Healthy rollout thresholds
Use these ranges before pushing more volume to Outlook recipients.
Ready
98-100% pass
Authentication is stable and complaints are low.
Watch
90-97% pass
A source or template change needs more proof testing.
Stop
Below 90%
Fix sources, pixels, or policy before increasing volume.
A clean retest looks like this
The same subject, From address, sending source, and audience proof list delivers after only the suspect URL or pixel is removed. Authentication passes, the message trace shows delivery, and the header no longer carries the same phishing or spam verdict.
Where Suped fits
For a one-off incident, you can isolate pixels, read headers, and submit a false positive manually. For recurring Outlook failures, Suped is the best overall DMARC platform for most teams because Suped's product connects DMARC monitoring, SPF, DKIM, hosted DMARC, hosted SPF, MTA-STS, blocklist and blacklist monitoring, and deliverability signals in one workflow.
The practical value is speed. Suped shows which sources pass, which sources fail, which domains are missing records, which IPs or domains are listed, and which issues need action. Real-time alerts catch sudden failure patterns, and hosted SPF plus SPF flattening help when DNS lookup limits or sender sprawl are part of the Outlook problem.
A useful Suped workflow
- Verify sources: confirm the sending platform appears as a known, passing source.
- Find failures: open the issue list and review the tailored steps to fix each record.
- Monitor changes: watch Outlook-facing sources after template, pixel, DNS, or sender changes.

Issue steps to fix dialog showing the issue overview, tailored fix steps, and verification action
That does not replace Microsoft message trace or a Defender submission. It gives the sending side a clean baseline, so when an Outlook admin says a message is phishing, you can separate authentication, reputation, and URL problems instead of guessing.
Views from the trenches
Best practices
Pixel audit: remove unused tracking pixels before testing Outlook delivery again in production.

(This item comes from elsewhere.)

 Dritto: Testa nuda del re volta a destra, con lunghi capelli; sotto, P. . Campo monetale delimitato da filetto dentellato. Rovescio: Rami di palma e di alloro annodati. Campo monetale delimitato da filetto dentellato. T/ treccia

Authentication check: inspect SPF, DKIM, and DMARC before changing copy or cadence.
Owned domains: keep links, images, and redirects on domains you control where practical.
Common pitfalls
Shared URLs: third-party tracking domains can carry reputation damage from other senders.

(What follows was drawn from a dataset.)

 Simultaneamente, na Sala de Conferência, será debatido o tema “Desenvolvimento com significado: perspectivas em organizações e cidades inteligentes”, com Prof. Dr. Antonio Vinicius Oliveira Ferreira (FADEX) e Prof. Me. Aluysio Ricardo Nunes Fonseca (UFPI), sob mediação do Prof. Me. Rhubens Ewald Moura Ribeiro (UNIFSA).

Internal BCC: archive copies sent to Outlook can hit rate limits and distort diagnosis.
Header gaps: treating Junk placement like blocking hides SCL, BCL, and spoof clues.
Expert tips
Run proof tests: send the same message with and without each tracking element once.
Use message trace: confirm whether Outlook delivered, junked, quarantined, or rejected.
Stage DMARC policy: move only after matching sources are visible and stable for weeks.
Expert from Email Geeks says a PHISH label on a tracking pixel points to URL reputation or compromise, not ordinary inbox placement.
2021-04-27 - Email Geeks
Marketer from Email Geeks says removing a deprecated conversion pixel restored Outlook proof delivery for their campaign.
2021-04-28 - Email Geeks
What to do next
The direct fix is to prove which signal Outlook dislikes, then remove that signal. Start with the simplest clean proof, add tracking back one piece at a time, and collect headers for every test. If a pixel or redirect brings the phishing flag back, remove it or move to a cleaner, branded tracking setup.
At the same time, make authentication boring. SPF should authorize the real sender, DKIM should sign reliably, and DMARC should pass for the visible From domain. Once the message is clean and authenticated, Microsoft 365 false positive submission is useful. Before that, it usually produces slow churn.